Nevertheless, wheat remains the country’s third-largest field crop by planted area, production volume, and farm revenue, following corn and soybeans, per USDA data. The United States ranks among the world’s top wheat producers by volume annually and serves as a major crop exporter.

Thousands of American farmers depend on wheat for their primary income — and circumstances beyond their influence have complicated their operations.

Dry weather accelerated crop development, according to USDA records, which doesn’t indicate positive harvest quality.

By early May’s first complete week, 86% of Kansas wheat crops had developed seed heads, compared to the typical 61% during the same period over the previous decade. While plants are “genetically programmed” to form heads before dying, Rippey explained, premature development often results in inferior quality.

Farmers planted only 32.4 million acres (13.1 million hectares) of wheat this year initially, with harvested acreage reaching just 22 million, creating an abandonment rate slightly above 32% of this year’s wheat crop, based on USDA projections.

Excluding the 2022-2023 cycle, only a few other historical periods have seen higher U.S. winter wheat abandonment rates, Rippey pointed out.

In Kansas, approximately 17% of the crop faces abandonment this year.

“Rain makes grain,” stated Mike Nickelson, who grows wheat and corn in western Kansas. “That’s the whole key.

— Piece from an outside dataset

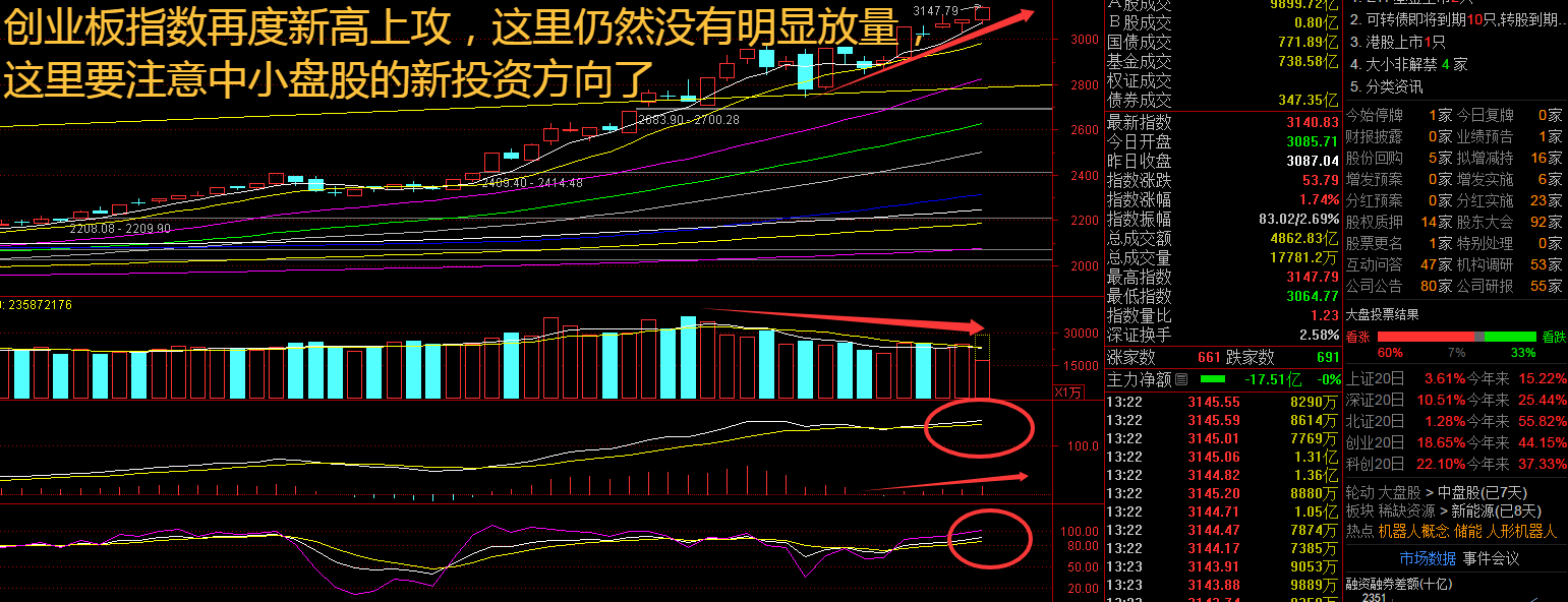 创业板指数周三盘中出现V型反转的走势,快速拉升后再度走高,出现了明显的主力护盘效应,金融股可谓是功不可没。央行9月16日以固定利率、数量招标方式开展2870亿元逆回购操作。因当日有2470亿元7天期逆回购到期,实现净投放400亿元。后续央行将继续把握好政策实施的力度和节奏,综合运用公开市场操作等多种货币政策工具,保持流动性处于充裕水平。接下来注意创业板指数能否在3150点之上稳住。

We can do the very best we can do and then if we don’t get the rain, then it makes it pretty tough.”

Weather forecasters predict a significant El Nino pattern, a natural cyclical phenomenon where equatorial Pacific waters warm and modify global weather systems, including precipitation. Since this typically brings above-normal summer temperatures to the United States, drought relief may not arrive for months.

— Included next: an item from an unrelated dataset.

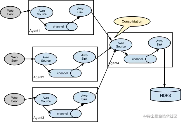 在做日志收集的时候一个常见的场景就是,大量的生产日志的客户端发送数据到少量的附属于存储子系统的消费者agent。例如,从数百个web服务器中收集日志,它们发送数据到十几个负责将数据写入HDFS集群的agent

“It seems like we’re the ones out trying to feed the world and we’re the ones suffering the most,” Nickelson, 60, reflected. “My son is here farming with me and I’d really like to transition him to help take over the farm. I’m like, really, do I want him to have to do this? I mean, it’s a great life, but man, right now it’s just tough.”

The conflict in Iran has driven fuel costs higher. Williams, the Montezuma producer, travels 150 to 200 miles (240 to 320 kilometers) daily, with diesel prices increasing nearly $2 per gallon compared to last year.

Expenses for seeds, fertilizer, and other inputs continue climbing rapidly. Some producers purchased fertilizer early for this season but remain concerned about next year’s costs. Farmers continue dealing with consequences from the Trump administration’s volatile trade policies.

Nickelson reported that urea, an agricultural fertilizer, previously cost $400 per ton. He currently pays between $600 and $700 per ton. “You hope to break even, but I’m not sure we’re gonna do that,” he said.

For Ben Palen, a fifth-generation farmer and agricultural consultant, viable solutions remain elusive, with minimal relief available.

Crop insurance coverage for losses provides limited compensation. The Trump administration has provided one-time bridge payments for qualifying producers of various crops to offset increased costs from trade disruptions and inflation, though these funds remain restricted.

Leaving wheat fields fallow — essentially unused to prepare land for future crops — or planting alternative crops aren’t practical alternatives. Simply adding irrigation water won’t salvage wheat crops, and switching to different crops at this point in the growing season proves difficult for farmers.

“It’s a little late now to try to plant something on say, a wheat crop that’s failed on a particular farm,” Palen, 70, explained, “because we just don’t have soil moisture to get another crop started.

“This is probably about as challenging of a time to be a farmer that I can recollect,” he concluded. “It’s a pretty serious situation.”